CoursesOPA & RegoIntermediate

Input, data & document model

Feeding facts to policy.

Advanced12 min · lesson 6 of 12

OPA evaluates over two documents. input is the thing being judged, provided per query (a request, a resource, a Terraform plan). data is external context loaded into OPA — allowlists, role mappings, exception lists — that policies reference as data.<path>. Separating the two matters: the policy logic stays stable while the facts (which registries are allowed, who is exempt) live in data you can update without touching rules.

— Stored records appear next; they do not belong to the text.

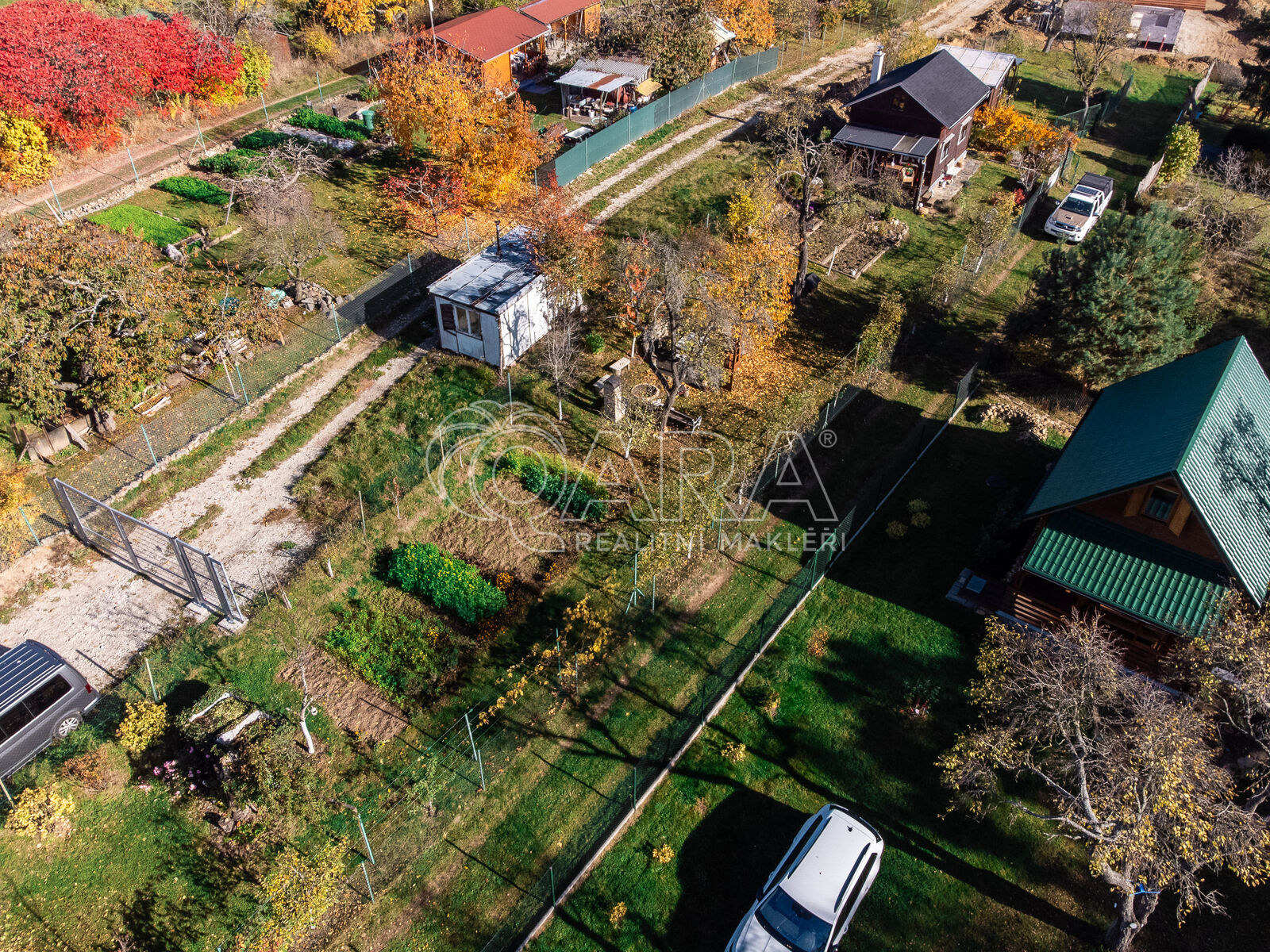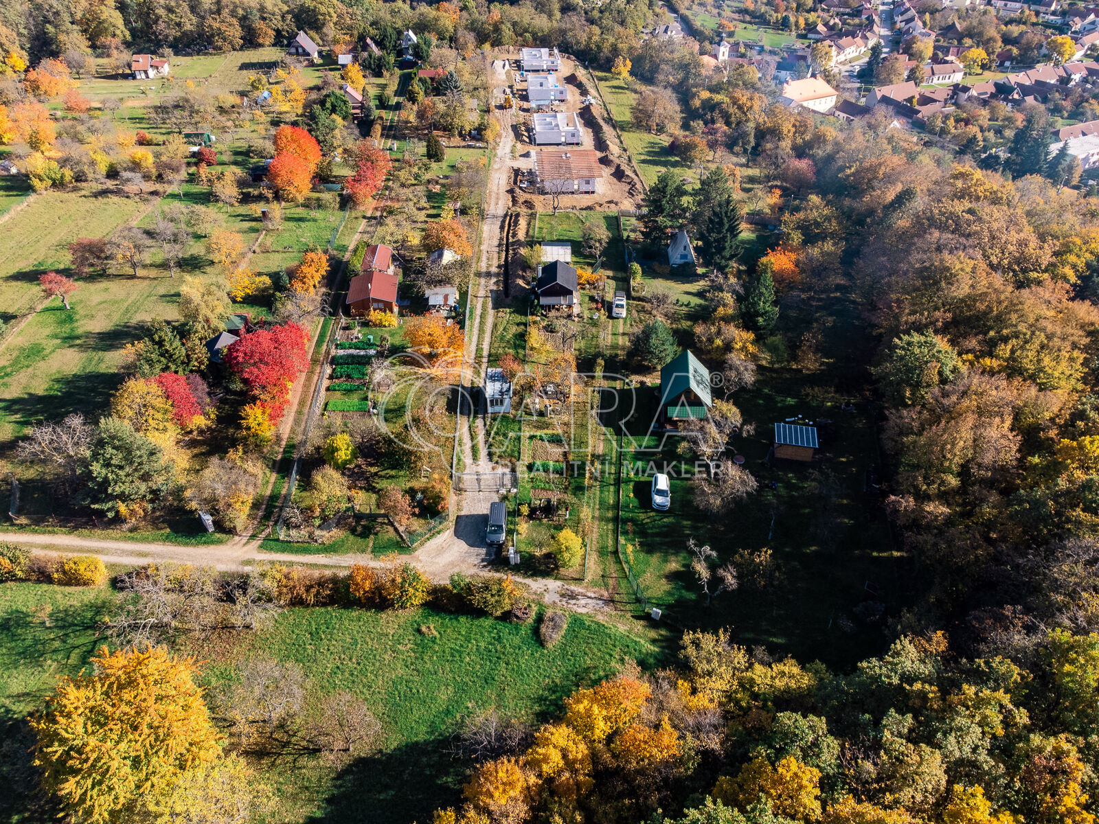 Pozemek o velikosti 498 m² je rovinatý, oplocený a obklopený zelení.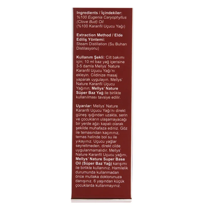 Suggested Usage: For topical use, add 5 drops Mellys’ Nature Clove Bud Essential Oil into 10 ml Mellys’ Nature Super Base Oil and mix them. Apply by massaging your skin. 2 teaspoons equal to 10 milliliter.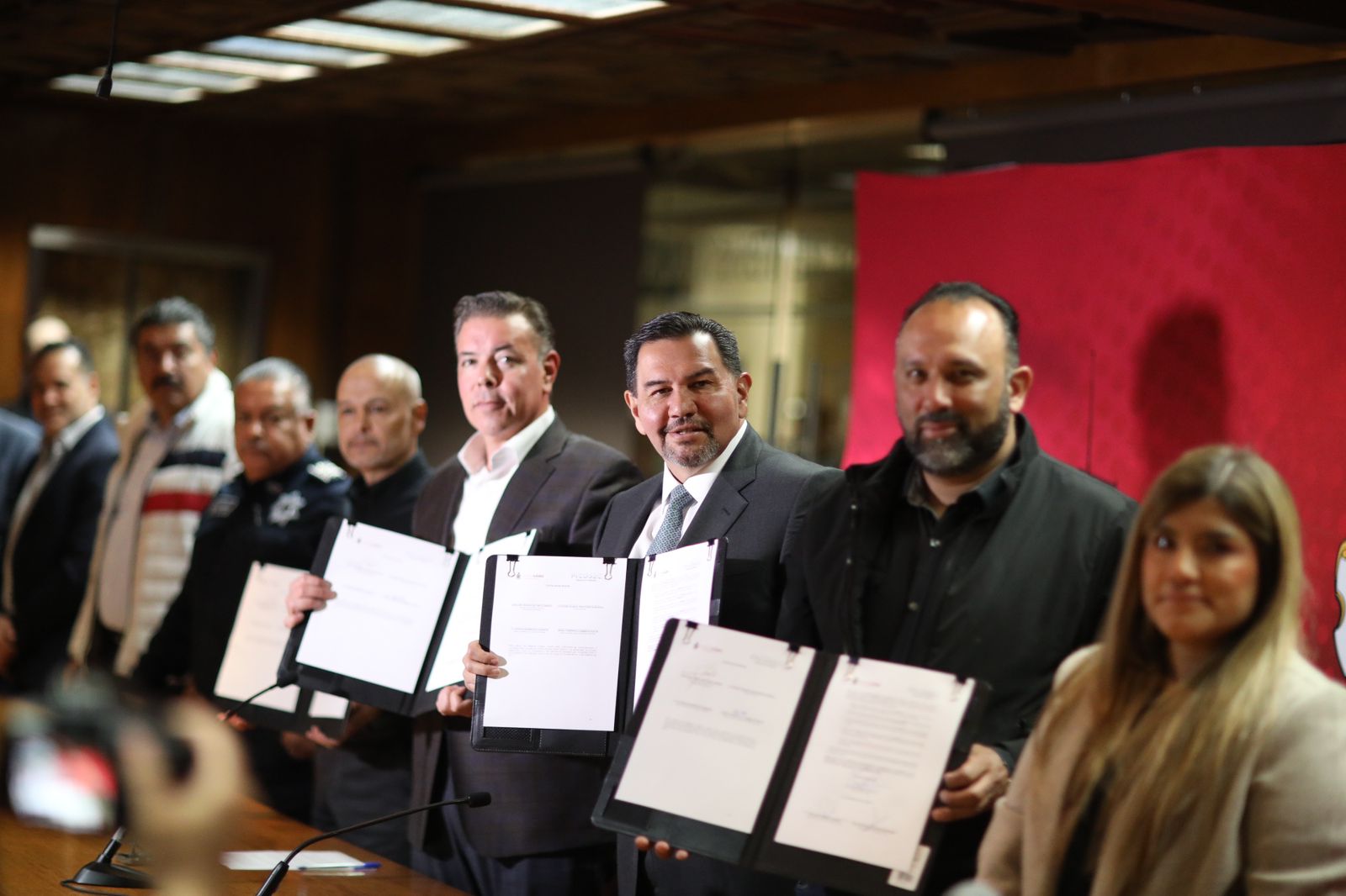 En la firma de convenio estuvieron el secretario del Ayuntamiento, Héctor Rafael Ortiz Orpinel; el secretario de Seguridad Pública Municipal, César Omar Muñoz; el coordinador general de Seguridad Vial, César Tapia y el coordinador general de Protección Civil, Sergio Rodríguez.

INPUT vs DATA: THE DOCUMENT MODEL
input (per query, separate)
a request
the thing being judged
a resource
a Terraform plan
data (one virtual tree)
loaded facts
allowlists, role maps, exemptions
rule outputs
e.g. data.main.deny
system info
all under data.<path>
input is judged per query and stays separate; everything else lives under one virtual tree rooted at data.
data.json + policy
// data.json — facts, loaded into OPA
{ "allowed_registries": ["registry.internal", "gcr.io/acme"] }
---
package main
deny contains msg if {
image := input.spec.containers[_].image
reg := split(image, "/")[0]
not reg == data.allowed_registries[_] # reference external data
msg := sprintf("registry %v not allowed", [reg])
}

The unified document model

OPA presents everything — your loaded data, your rules’ outputs, and system info — under one virtual document rooted at data, while the query input is separate. Your policies are themselves under data (data.main.deny). This uniform tree is why opa eval queries look like data.example.allow, and why loading external facts is just “put JSON under a data path.” Keeping mutable facts in data and logic in rules is the clean separation to aim for.

Data is trusted input — control who can change it
Because policies make decisions using data (allowlists, exemptions), whoever can modify that data can effectively change the policy outcome without touching a rule — adding themselves to an exception list, say. Treat policy data with the same review and access control as the rules: version it, review changes, and do not let it be writable by the systems the policy is meant to govern.